Late one afternoon, a phone call was received from a distraught customer who required data recovery from a couple of diskettes. The data was related to an important presentation. The customer was asked the nature of the problem and eventually confessed that the diskettes had suffered some physical damage. The problem involved one of his four-legged canine friends who had chewed the diskettes!
The damage to the disk cases was severe, with large tooth marks evident on the surface of the disks. Eventually both disks were imaged with only 15% sector damage and the File Allocation Tables (FATs) were rebuilt. All the files were successfully recovered and restored to the grateful customer.
The customer was a well-known credit card company whose last few hours’ transactions, for which there was no back-up, were stored on the failed system. It was a NetWare Server and RAID array in one large, very heavy metal box, containing 18 x 2.5GB wide SCSI drives and weighing nearly 200Kg.
There were three failed drives amongst the remaining batch of eight drives. One of the drives had suffered component failure on its electronics assembly, the other two had serious head/disk assembly (HDA) problems that needed work in a cleanroom. Using a database of drive components and technical knowledge, the system administrator worked to correct the faults on the drives so he could take images.
When he finally finished, all 18 drives had been imaged with a total sector loss of just seven bad sectors. The total good sectors imaged that night was just under 88 million! The customer’s valuable data was safe.
Having flown numerous times on business without a problem, one customer was surprised to find that his Toshiba laptop wouldn’t boot. On contact with the system administrator, he finally mentioned that it had traveled in the cargo hold of a plane. The system administrator had a nagging suspicion that it had probably not only been thrown around by the baggage handlers, but also bounced its way down the carousel!
Luckily for him, it had not been swipe-damaged by any x-ray equipment at the airport. Hardware specialists opened the head disk assembly and found there was some speckle damage, confirming that it had been bounced around as the heads had dented the actual platters. Following a successful headstack swap, the drive was imaged and the system administrator found 112 bad sectors, of which he was finally able to read only 86 of them. The customer vowed always to take his laptop as hand luggage from then on.

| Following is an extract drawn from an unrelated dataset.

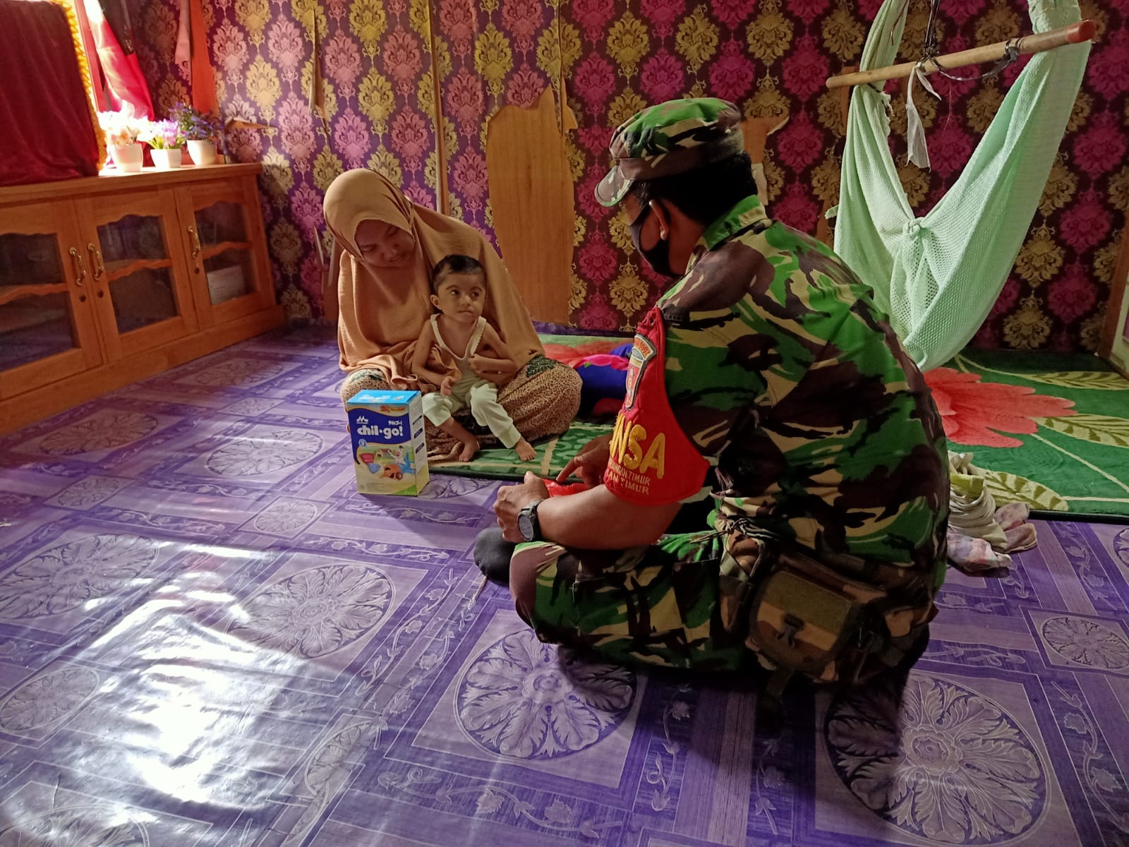 TNI & POLRI Babinsa Koramil 09/Lapri Kodim Bone Dampingi Kegiatan Posyandu Di Desa Mattaropuli

It was Easter Saturday and the system administrator had a critical tape data loss which another data-recovery company had failed to rectify. Within about four hours of receiving the first tape, the system administrator had several hundred megabytes of data from it. The tape was poorly recorded and had many areas where the recording had broken up.
The customer had a set of around 35 tapes in this condition, which the system administrator also needed to look at. By 6 a.m. on Sunday, the system administrator was recovering data from seven DAT tapes and had extracted images of each of the disks in the RAID.
A few hours later, most of the physical data had been recovered. The areas of missing data were being reprocessed to attempt to extract additional data from the tapes. However, the data of major importance was from the accounts system. About 48 hours later, the system administrator was still working on reading data from the damaged areas of the tapes. By the end of the following week, all the data had been successfully recovered—no mean feat considering the huge amount of data involved.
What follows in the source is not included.